▸ **PROBLEM REQUIREMENTS**
From the entries below, copy each line in which the word "that" occurs.

▸ **RECORD EXCERPTS**
- - -

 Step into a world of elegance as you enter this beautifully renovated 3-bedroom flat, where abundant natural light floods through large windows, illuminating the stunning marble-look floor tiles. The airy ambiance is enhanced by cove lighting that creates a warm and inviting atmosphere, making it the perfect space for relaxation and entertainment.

- - -

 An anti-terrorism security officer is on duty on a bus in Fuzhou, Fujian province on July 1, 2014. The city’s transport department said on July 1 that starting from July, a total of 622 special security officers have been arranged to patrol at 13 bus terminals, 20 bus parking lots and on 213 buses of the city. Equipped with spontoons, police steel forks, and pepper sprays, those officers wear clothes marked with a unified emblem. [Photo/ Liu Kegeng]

- - -

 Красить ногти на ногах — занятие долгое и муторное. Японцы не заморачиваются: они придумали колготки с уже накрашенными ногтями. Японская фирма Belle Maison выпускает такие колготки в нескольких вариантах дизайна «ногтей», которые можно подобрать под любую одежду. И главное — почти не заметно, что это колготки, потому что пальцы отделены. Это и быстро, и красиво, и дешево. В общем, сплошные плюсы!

- - -

▸ **REPLY TO THE EXERCISE**
 Step into a world of elegance as you enter this beautifully renovated 3-bedroom flat, where abundant natural light floods through large windows, illuminating the stunning marble-look floor tiles. The airy ambiance is enhanced by cove lighting that creates a warm and inviting atmosphere, making it the perfect space for relaxation and entertainment.
 An anti-terrorism security officer is on duty on a bus in Fuzhou, Fujian province on July 1, 2014. The city’s transport department said on July 1 that starting from July, a total of 622 special security officers have been arranged to patrol at 13 bus terminals, 20 bus parking lots and on 213 buses of the city. Equipped with spontoons, police steel forks, and pepper sprays, those officers wear clothes marked with a unified emblem. [Photo/ Liu Kegeng]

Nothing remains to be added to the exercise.